Я беру бадью за тонкую железную ручку. Оттуда вырывается целый рой разозленных мух.
— Боже мой! — я ставлю корзину на землю и отворачиваюсь: меня вот-вот вырвет. Потом вытираю набежавшие на глаза слезы. Тошнота не проходит. — Август, кормить этим кошек нельзя.
— Почему?
— Оно протухло.
Август не отвечает. Я поворачиваюсь и вижу, что он ставит рядом со мной еще одну бадью и уходит. Удаляется по путям, неся еще две бадьи. Я подхватываю свои и догоняю его.
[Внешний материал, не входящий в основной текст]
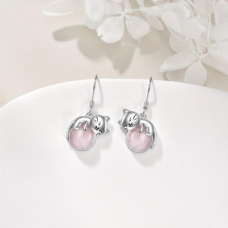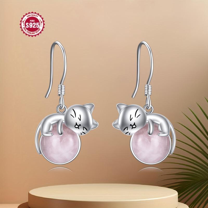 Adorable cat-shaped earrings made of 925 pure silver, perfect for cat lovers. This lovely jewelry piece is a great gift for women, wives, or mothers.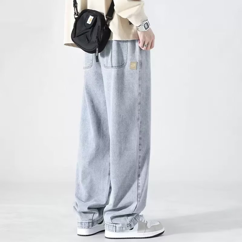 メンズアメリカンウォッシュジーンズ、ルーズストレート、トレンドブランドワイドパンツ、アメリカンハイストリート万能カジュアルロングパンツ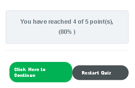 The option to move forward will only become available upon scoring 80% or more. When a quiz is failed you will instead be shown a “retry button”.

— Это же гнилье. Кошки наверняка не станут, — продолжаю я.
— Надеюсь, станут. Иначе нам придется принять непростое решение.
— А?
— До Жолье еще далеко, а козлов у нас, увы, уже нет.
Ответ застревает у меня в горле.
Когда мы доходим до второго поезда, Август запрыгивает на платформу и раскрывает боковые стенки на двух кошачьих клетках. Отперев замки, он оставляет их болтаться на дверцах и спрыгивает обратно.
— Ну, давай, — подталкивает он меня в спину.
— Что?
— Каждому по бадье. Вперед! — поторапливает он.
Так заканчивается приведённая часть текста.